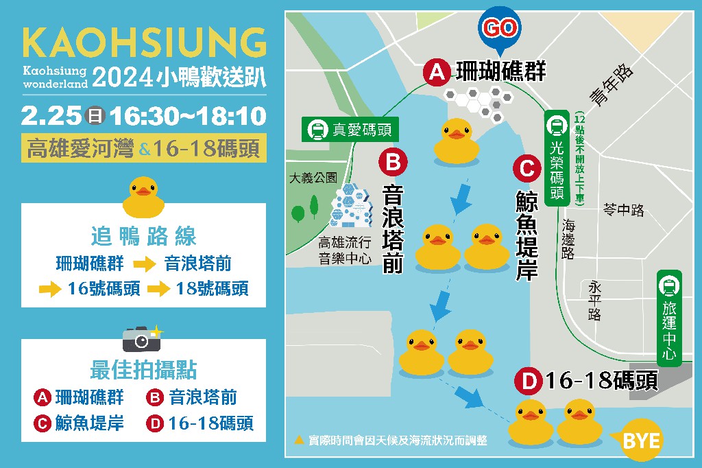 ↑圖說:小鴨歡送趴路線圖(圖片來源:高雄市觀光局提供)
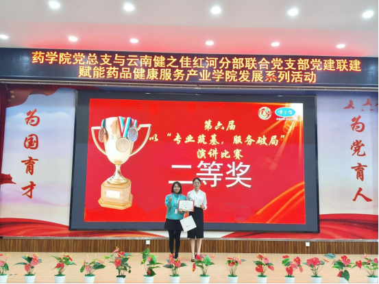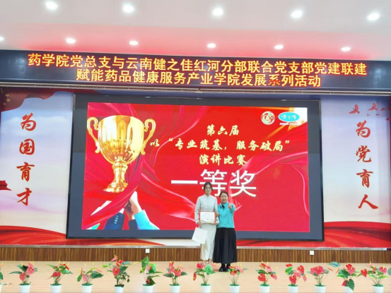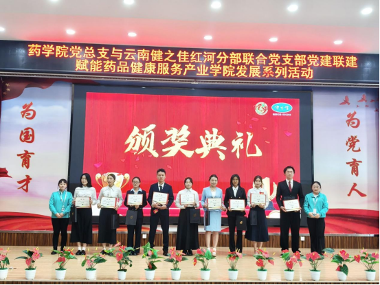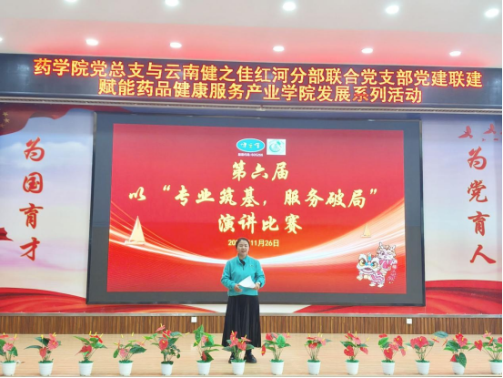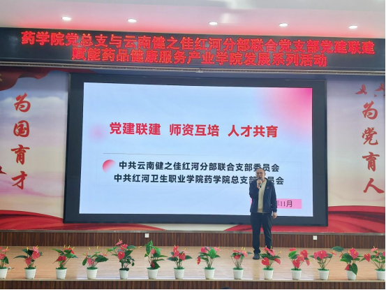2025年11月26日下午,在厚德楼博闻报告厅,药学院党总支与云南健之佳红河分部联合党支部成功开展党建联建活动。双方以“传承红色基因,共筑健康未来”为主题,通过举办健之佳第六届演讲比赛、深化校企师资互培等一系列活动,共同赋能药品健康服务产业学院的高质量发展。红河一区地区经理黄芳、红河分部人事经理曹钟慧等一行5人,以及药学院党政领导、党员教师及代表、学生代表参加了此次活动。
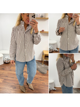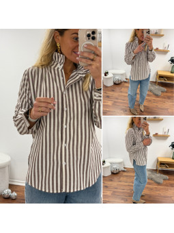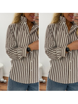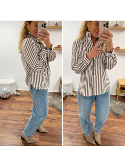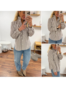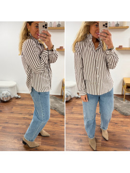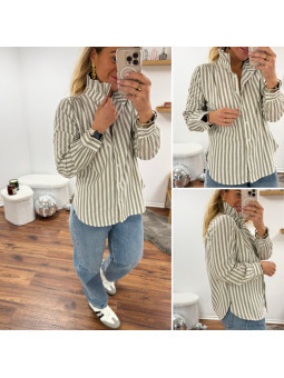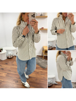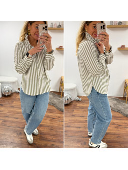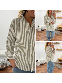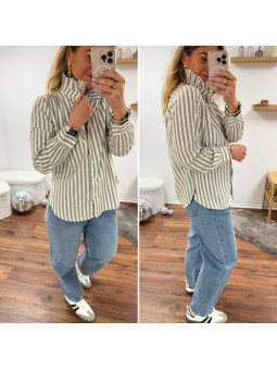 Chemise à rayures blanches et kakis avec col volant Le SM...
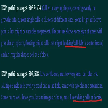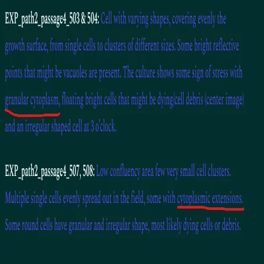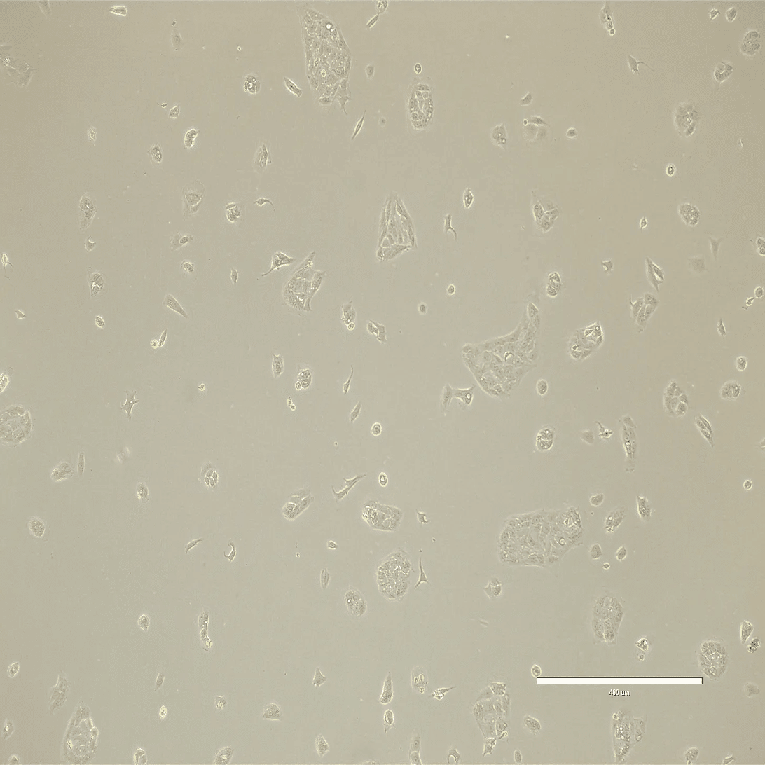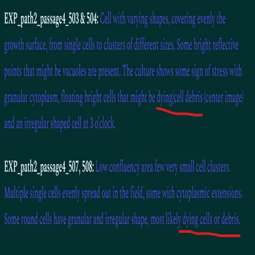 EXP_path2_passage4_402:いくつかの小さな塊が見られ、明るい点(液胞)がいくつか見られます。7時の方向に分裂細胞が2つあります。ある程度広がった複数の単一細胞があります。複数の丸い細胞があります。一部の細胞は丸みを帯び、屈折しており、死にかけている細胞を示唆している可能性があります(6時の方向)。

- _WHAT YOU HAVE TO DO_:
Make an exact copy of the listing. Do not carry over its pictures.

- _REPLY_:
 ↑圖說:小鴨歡送趴路線圖(圖片來源:高雄市觀光局提供)
2025年11月26日下午,在厚德楼博闻报告厅,药学院党总支与云南健之佳红河分部联合党支部成功开展党建联建活动。双方以“传承红色基因,共筑健康未来”为主题,通过举办健之佳第六届演讲比赛、深化校企师资互培等一系列活动,共同赋能药品健康服务产业学院的高质量发展。红河一区地区经理黄芳、红河分部人事经理曹钟慧等一行5人,以及药学院党政领导、党员教师及代表、学生代表参加了此次活动。
 Chemise à rayures blanches et kakis avec col volant Le SM...
 EXP_path2_passage4_402:いくつかの小さな塊が見られ、明るい点(液胞)がいくつか見られます。7時の方向に分裂細胞が2つあります。ある程度広がった複数の単一細胞があります。複数の丸い細胞があります。一部の細胞は丸みを帯び、屈折しており、死にかけている細胞を示唆している可能性があります(6時の方向)。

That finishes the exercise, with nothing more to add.